The endocannabinoid system functions through two well characterized receptor systems, the CB1 and CB2 receptors. Work by a number of groups in recent years has provided evidence that the system is more complicated and additional receptor types should exist to explain ligand activity in a number of physiological processes. Cells transfected with the human cDNA for GPR55 were tested for their ability to bind and to mediate GTPgammaS binding by cannabinoid ligands. Using an antibody and peptide blocking approach, the nature of the G-protein coupling was determined and further demonstrated by measuring activity of downstream signalling pathways. We demonstrate that GPR55 binds to and is activated by the cannabinoid ligand CP55940. In addition endocannabinoids including anandamide and virodhamine activate GTPgammaS binding via GPR55 with nM potencies.

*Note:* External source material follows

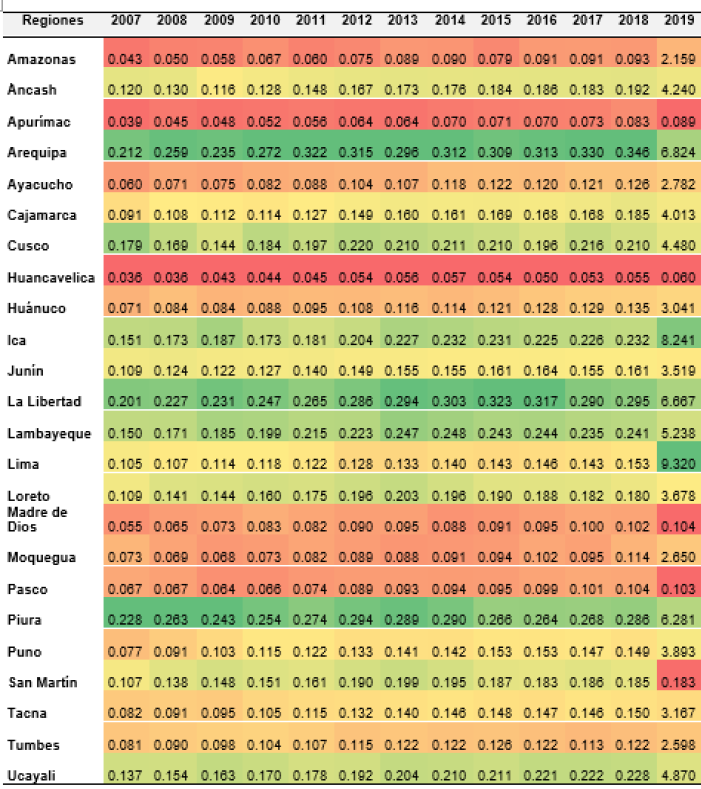 En este sentido, se utilizan datos que cubren el período 2007 – 2019 y que evalúan el desempeño económico en veinticuatro regiones del Perú(1); examinando las divergencias regionales en el ingreso per cápita, centrándose principalmente en un riguroso análisis regional de causas y evaluando la convergencia estocástica con el objetivo de clasificar a las regiones en convergentes y no convergentes en los niveles agregados y sectoriales.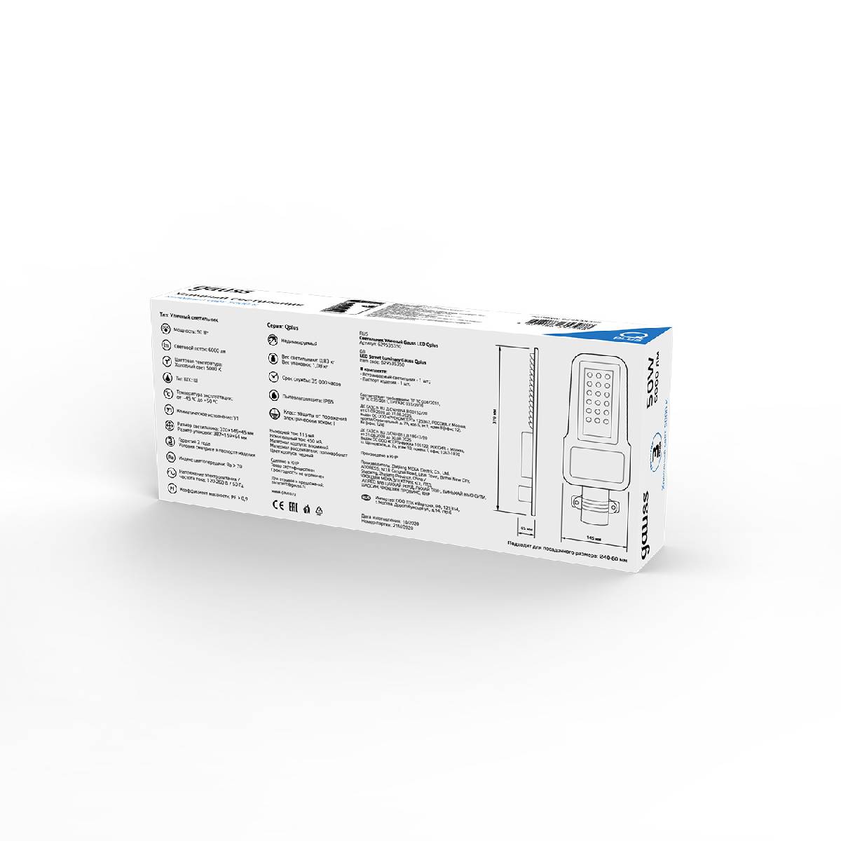 Уличный светодиодный консольный светильник Gauss Qplus 629535350

Ligands such as cannabidiol and abnormal cannabidiol which exhibit no CB1 or CB2 activity and are believed to function at a novel cannabinoid receptor, also showed activity at GPR55. GPR55 couples to Galpha13 and can mediate activation of rhoA, cdc42 and rac1. These data suggest that GPR55 is a novel cannabinoid receptor, and its ligand profile with respect to CB1 and CB2 described here will permit delineation of its physiological function(s).